Ideally, you’d plan projects around a set event like the inauguration months in advance, but ideas sometimes come at the last minute. Such was the case for the inspiration behind our annotated inauguration speech.
A week out from the inauguration, Vox’s Director of Programming, Allison Rockey, shared NPR’s live annotation of President Trump’s press conference in our “inspiration” Slack channel and asked if the Storytelling Studio could build something similar for Donald Trump’s inauguration address. Because of the time crunch, we decided the best way forward was by building the framework for a live annotation tool that we could iteration on over time.
Here’s how we did it.
Get into code quickly
Given the limited amount of time, we didn’t wait for a design to start building. Instead, we got started building out the framework for filling a Google Doc with live captions. First, we looked at IBM Watson’s Speech To Text service for transcribing a live feed. While the translation quality was good, and the service API makes it easy to handle live streaming media, we found a better approach – C-SPAN Captions.
After researching television captioning we came across OpenedCaptions, a service that makes C-SPAN 1 captions available over the web in real time (as described on Source and Nieman Lab).

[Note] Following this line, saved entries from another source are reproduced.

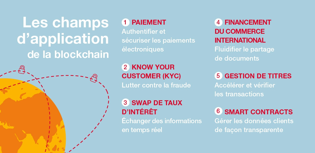 De même, les swaps de taux d’intérêt (produit financier consistant à échanger un taux d’intérêt fixe contre un taux variable) s’en verraient grandement facilités. Avec une technologie blockchain, les deux parties échangent en temps réel sans besoin de tiers de confiance. Même son de cloche du côté du financement du commerce international (ou trade finance) qui implique une grande diversité d’acteurs dans plusieurs pays. Et c’est sans parler de la gestion des titres qui gagnerait en vitesse et en sécurité grâce à une traçabilité sans faille.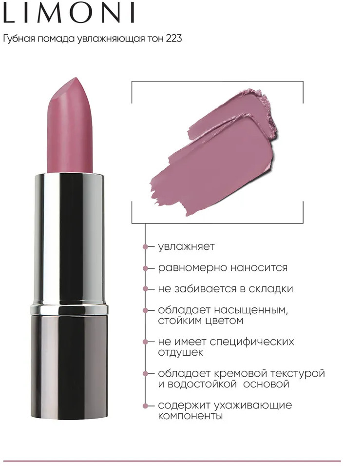 Помада очень хорошая, мягкая, увлажняет, не матовая, но и не слишком блестит, плотная, рекомендую. Цвет, да, немного не тот, что на фото.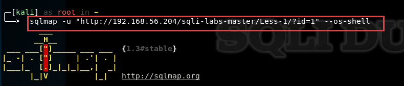 sqlmap -u "http://192.168.56.204/sqli-labs-master/Less-1/?id=1" --os-shell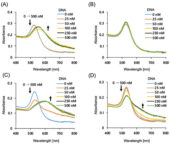 First, we optimized the AuNP size and the chain length of the modified ssDNA to achieve a more distinct color change during AuNP aggregation. It has been reported that AuNPs modified with ssDNA rapidly aggregate in the presence of NaCl and complementary strands [28]. AuNPs with size of 20 and 40 nm were modified with 15- and 20-base thiolated ssDNA, and the degree of color change upon the addition of the complementary ssDNA was evaluated using absorption spectra (Figure 1). As shown in the figure, almost no spectral change was observed for 20 nm AuNPs modified with 20-base DNA (Figure 1B), and the largest spectral change was observed for 40 nm AuNPs modified with 15-base ssDNA (Figure 1C). This result can be attributed to two factors: the improved dispersion stability of the nanoparticles due to steric repulsion in the case of long DNA strand-modified nanoparticles [35], and the larger nanoparticles that are more likely to aggregate because of the difference in van der Waals forces depending on the size of the particles [36]. Thus, 40 nm AuNPs modified with 15-base DNA were used for the further study. It was also shown that the addition of more than 50 nM of complementary ssDNA was sufficient for the aggregation of the AuNPs under these conditions.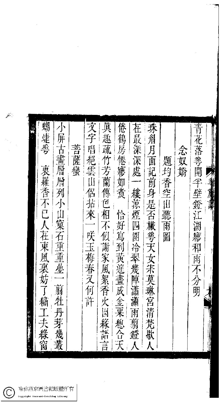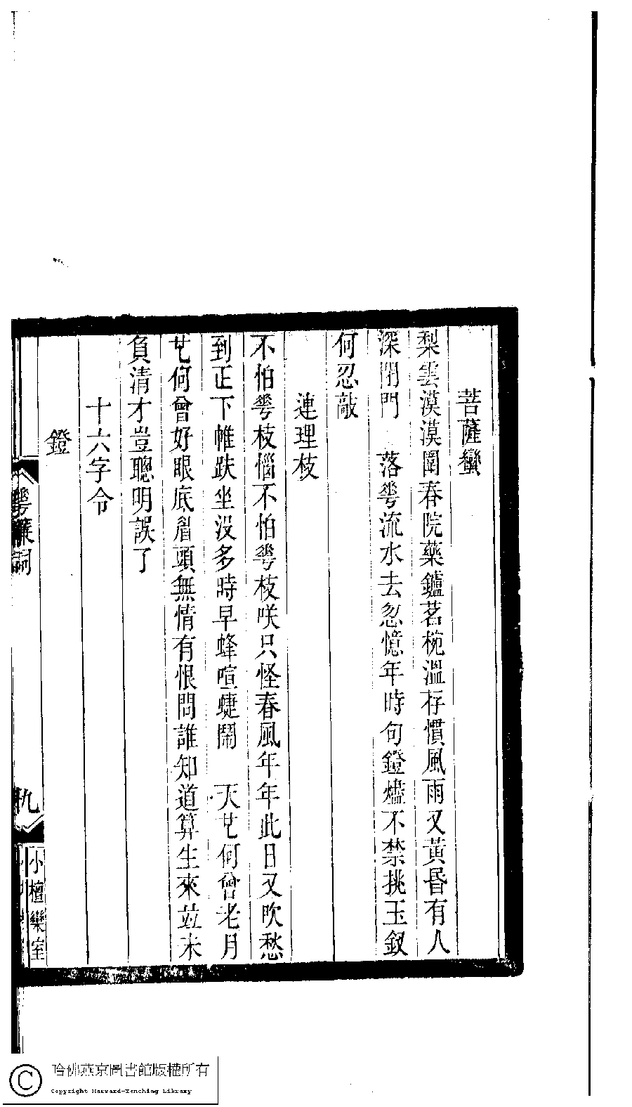 | (PRINT FRIENDLY VERSION) 小檀欒室彙刻閨秀詞﹕十集一百種一百卷(清徐乃昌輯) : 花簾詞﹕一卷。清光緒二十二年(1896)南陵徐氏刻本。 ![]() Page : 花簾詞.9b | click for larger image | 小檀欒室彙刻閨秀詞﹕十集一百種一百卷(清徐乃昌輯) : 花簾詞﹕一卷。清光緒二十二年(1896)南陵徐氏刻本。![]() Page : 花簾詞.9a | click for larger image | Back |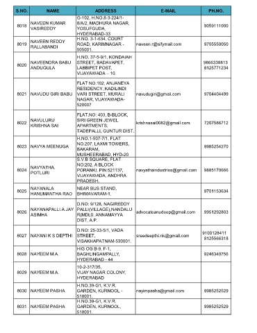S.NO. NAME ADDRESS E-MAIL PH.NO.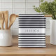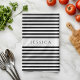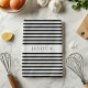 Personalized Black & White Farmhouse Striped Pattern Kitchen Towel.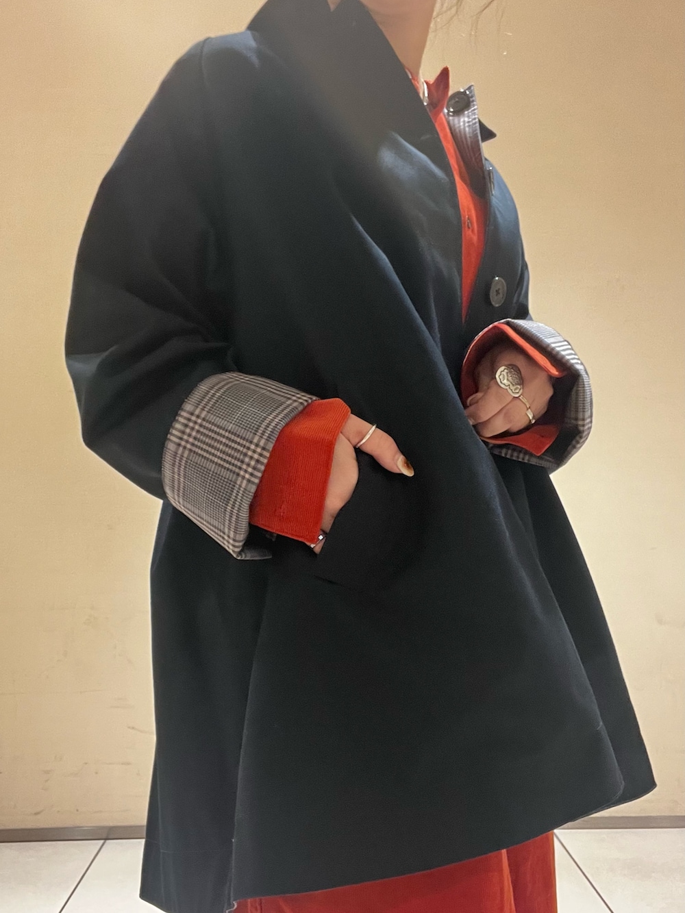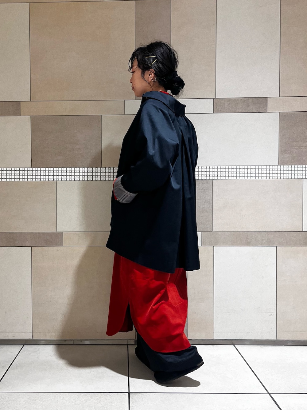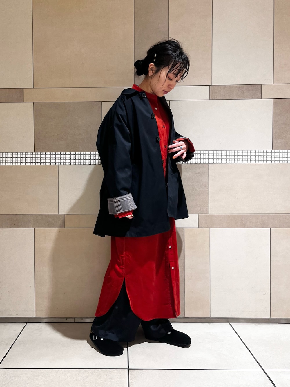 Aラインのほんのり広がりのあるシルエットですが、落ち感もあるので大きく見えづらい優秀デザイン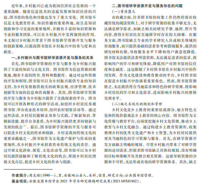随着社会的进步和经济的发展,乡村振兴战略成为我国当前的重要战略之一。图书馆作为文化传承和教 育的重要载体,承担着推动乡村振兴的重要使命,因此应积极开发研学资源,创新服务模式,助力乡村文化繁荣和经济 发展。然而,目前图书馆在研学资源开发与服务方面存在一些问题,如资源匮乏、缺乏系统化的规划和管理等。本文探 讨乡村振兴背景下图书馆研学资源开发与服务的创新策略,为图书馆的发展提供建议和参考。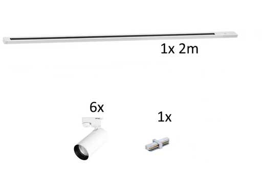 2 meter Railsysteem met 6 st railspot GU10 fitting met ring (2x)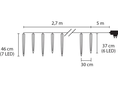 Reťaz MagicHome Vianoce Icicle, 65x LED ľadovo modrá, 8 funkcií, 230 V, 50 Hz, IP44, exteriér, osvetlenie, L-2,70 m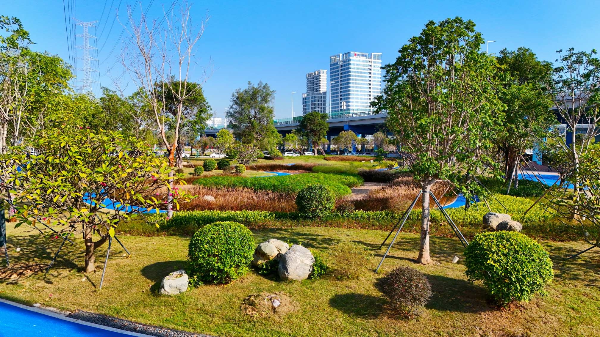 在广州南沙,一幅“水清、岸绿、城融”的生态画卷正徐徐展开。中铁六局承建的城市绿地系统工程正以绿色为笔、环保为墨,将12个工程单元、约89.47万平方米的土地织就成一片生机盎然的城市“绿肺”。项目团队以“生态优先、环保先行”为原则,针对河涌水系,通过生态驳岸修复与水生植物配置,重塑水陆交错带的生物多样性;防护绿地则发挥滞尘、降噪、固碳功能,特别是南二环桥下空间,从“被遗忘的角落”变身为层次丰富的生态廊道;街头绿地的点缀,让市民“推门见绿、移步入园”成为日常。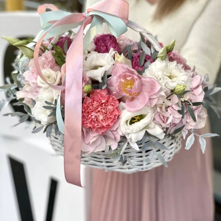 Садовая корзина — главный тренд последних лет. Свободная многовидовая аранжировка в плетёной корзине: эустома, ранункули, нигелла, зелень — ощущение только что срезанных цветов из загородного сада. Покупают те, кто устал от строгих классических форматов и ищет природной органики и лёгкости в подарке.

The quality of transcription was better than Watson Speech to Text, and easier to implement. However, OpenedCaptions provides a socket API endpoint, which the Google Docs app script does not support and can only refresh once a minute. To solve for that, we built a very simple intermediate server to buffer the text and make it available as REST API and, from there, the code for the Google app script was simple.
:no_upscale()/cdn.vox-cdn.com/uploads/chorus_asset/file/7843797/vox_mock.png)
After setting up a mechanism for getting the transcript into a Google Doc, we needed to build out the front end of the application. Rather than make a pixel-perfect mock, we did a quick design that informed the build. From there the team worked together to finalize the design in browser.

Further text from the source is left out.